On 1 June 2007, the Institute was taken over by the Ministry of Health and Family Welfare (India), Government of India.

Academics

Department of Psychiatry
Department of Psychiatry established in 1998. Residency Scheme of Government of India was started in this Institute from 2001.
The Department started the DNB course in 2006 and MD course in 2010. It has regular structured teaching programmes for the trainees as per guidelines approved by the National Board of Examinations (NBE), Medical Council of India (MCI) and Gauhati University. The faculties also provide medico-legal services and act in cooperation with the District Disability Rehabilitation Centre (DDRC), Tezpur for certification of disability.

Courses Offered:
MD (Psychiatry) 11 seats through NEET PG

Department of Psychiatric Nursing
Department of Psychiatric Nursing was started in the year 1998. In 2001, the Diploma in Psychiatric Nursing (DPN) was started under the Nursing Council of India and State Nursing Council. In 2007, the M. Sc Nursing (Psychiatric Nursing) course was introduced for the first time in the NER of India under Srimanta Sankaradeva University of Health Sciences.

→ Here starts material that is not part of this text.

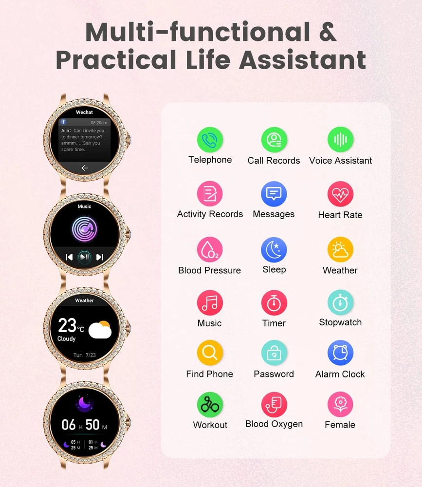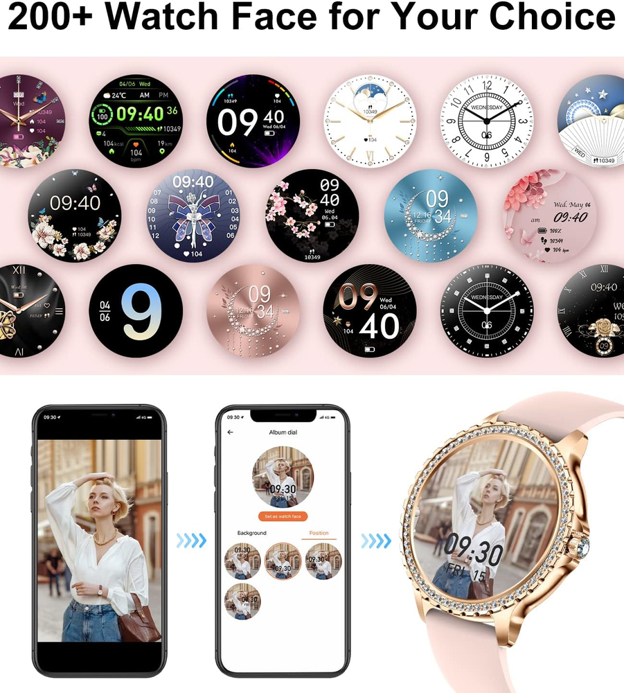 【Elegant Smart Watch for Women】Experience crystal-clear visuals on the 1.32" HD touch screen with 360*360 HD resolution. The bezel and straps are adorned with shiny diamonds, adding an elegant and luxurious touch that is sure to turn heads. Customize watch faces and straps to complement any outfit and showcase your individuality effortlessly. Elevate your style with this chic accessory - the perfect ladies' smart watch. 【Stay Connected & Informed, Hands-Free】Our women's smart watch offers Bluetooth calling with a built-in microphone and high-fidelity speaker. Connect effortlessly to your phone and handle calls directly from your wrist - receive, reject, or answer with ease. Stay updated with SMS and messages from popular social media platforms like WhatsApp, Facebook, Instagram and more. And during your workouts, you no longer need to take out your phone to check messages.Never miss a vital message again! 【100+ Sport Modes & IP67 Waterproof】This fitness tracker watch supports for 20 sports modes, including walking, running, cycling, yoga, tennis and so on.Easily track steps, distance, calories, and heart rate on the women's smartwatch or the "FitCloudPro" app. Scientific and safe training awaits you. IP67 waterproof rating ensures daily needs, but avoid prolonged soaking. 【Your All-Day Health Companion】High-performance optical sensors continuously track your heart rate, blood oxygen levels, and sleep quality, providing detailed data-based presentations for insightful analysis. Access your health information conveniently via the "Fitcloudpro" app, gaining a better understanding of your overall wellness. (NOTE: The measurement data is for reference only and not intended for medical monitoring.) 【Empowering Women's Health】Our ladies' smart watch features a built-in physiological cycle reminder, keeping you informed about menstrual and ovulation periods. Stay prepared as it predicts and reminds you of your next period, allowing better planning. Even during pregnancy, stay connected to your body with pregnancy tracking. 【Versatile & Compatible】Discover the countless practical features of our women's smart watch compatible with Android and iOS phones! Enjoy AI voice and Bluetooth calling along with a women's health pedometer, calorie tracker, sedentary reminder, water reminder, alarm clock, weather display, multi-language support, message push, and comprehensive health tracking. With wide compatibility, this smartwatch pairs seamlessly with most iOS 8.4 and Android 4.4 or above smartphones. 【After-Sales Service】We stand behind the quality of our products and offer a 12-month worry-free product warranty, which includes replacement, return, or accessory replacement services. You can purchase our smartwatch with confidence, knowing that we have you covered. If you have any questions or concerns about your smartwatch, please do not hesitate to contact us. Our team is always ready to provide you with the support you need. Product Description 2024 Shinny Smart Watches for Women The unique dial design is adorned with exquisite diamonds, adding a touch of luxury to your wrist. Fashion and extravagance blend seamlessly, making a perfect fusion. With every raise of your hand, you will be captivated by the sparkling diamonds on the dial. Whether it's a gala, a social gathering, or your everyday attire, this ladies smart watch will become your fashion focal point, emanating a distinct charm. Compatibility: Smart watch Android 4.4+/iOS 8.4+/Bluetooth 5.0 System Smartphone. It's a wonderful gift for mothers day gifts,teacher appreciation gifts,mothers day gifts from daughter,birthday gift,graduation gifts... Smart Watch with Bluetooth Calls&Message Push Bluetooth Call The smart watch for women comes with built-in calling functionality, eliminating the need to frequently retrieve your phone from your pocket or bag to answer calls. Whether you're exercising, driving, working, or in other scenarios, a simple tap on the smartwatch screen or button allows you to answer important calls and maintain conversations. Additionally, the smartwatch offers you the option to reject incoming calls, enabling you to easily block disturbances during times when concentration and tranquility are needed, enhancing convenience and comfort in your daily life. Smart Notification The smartwatch will vibrate to remind you when your phone receives the messages or App notifications (Facebook, WhatsApp, Twitter, Instagram, etc) you won't miss any important information Fitness Tracker Watch 20+ Sports Modes and All-Day Activity Tracking There are more than 20 sports modes tracking available in the fitness tracker, covering almost all daily sports activities, the all-day activity tracking feature monitors your steps, distance, and calories burned all the day, so you can see how much progress you've made towards your fitness goals. IP67 Waterproof IP67 waterproof rating can offer protection against life's splashes and spills.Note:Do not use in water above 38 ° C, such as showers, saunas, etc. and do not use the Seawater Health Tracker Women's Menstrual Cycle Reminder C aring for women’s health, ladies digital watch have three reminder modes: menstrual management, pregnancy preparation and health of both sexes. The mobile phone records the historical menstrual period and the watch displays the current physiological state (menstrual period, predicted menstrual period, ovulation period), and takes good care of your health. 24/7 Heart Rate Monitoring Stay on top of your health with our smart watches for women both Android and iOS phones. Enjoy continuous heart rate tracking to gain valuable insights into your well-being. Blood Oxygen Level Tracking Our fitness smart watches for women, designed for women, offer the capability to monitor your blood oxygen levels. Easily visualize and analyze your blood oxygen data, including average, maximum, and minimum readings, right in the app for a comprehensive understanding

Mrs. Arunjyoti Baruah, HOD  of Department of Psychiatric Nursing received the  Florence Nightingale Award from the President of India in 2009.

Course Offered :
Diploma in Psychiatric Nursing (DPN)
The candidate should have a certificate in General Nursing and Midwifery or B.Sc. Nursing.
Should be a Registered Nurse in the State Nursing Council with one year of working experience.
 M. Sc (Psychiatric Nursing)
 B.Sc Nursing / Post basic B.Sc Nursing degree from any university recognised by the Nursing Council of India.
Should be a registered nurse with minimum one year of working experience.

Department of Clinical Psychology
The Department of Clinical Psychology was set up in the year 2002. The M.Phil course in Clinical Psychology was introduced in 2011 under affiliation to Gauhati University.
Course Offered: 
M. Phil in Clinical Psychology(2 years full-time)
Minimum educational qualification for admission to this course will be M.A./M.Sc. degree in Psychology/Counseling Psychology/ Clinical Psychology/Applied Psychology from UGC approved University/Institutions securing not less than 55% marks in aggregate. However, there will be relaxation of 5% on the aggregate marks obtained in the qualifying examination for SC/ST candidates.

Department of Psychiatric Social Work

The Department of Psychiatric Social Work was started in 1998 with the objective of starting social work services and teaching programs in psychiatric social work. The M. Phil course in Psychiatric Social Work was introduced in 2009 under affiliation to Gauhati University.

Course Offered :M. Phil (Psychiatric Social Work)
Masters in Social Work (MSW) or M.A. in Arts in Social Work from a UGC approved University / Institution securing not less than 55% marks in the aggregate, with or without specialization in Medical & Psychiatric Social Work. However, there will be relaxation of 5% on the aggregate marks obtained in the qualifying examination for SC/ST candidates.

Department of Pathology & Microbiology
Department of Pathology & Microbiology was started in the year 1999. All necessary investigations of the hospital are undertaken through this department.

Department of Biochemistry
Department of Biochemistry in the institute was started in the year 1999 with the goal to achieve overall quality in teaching and patient care services.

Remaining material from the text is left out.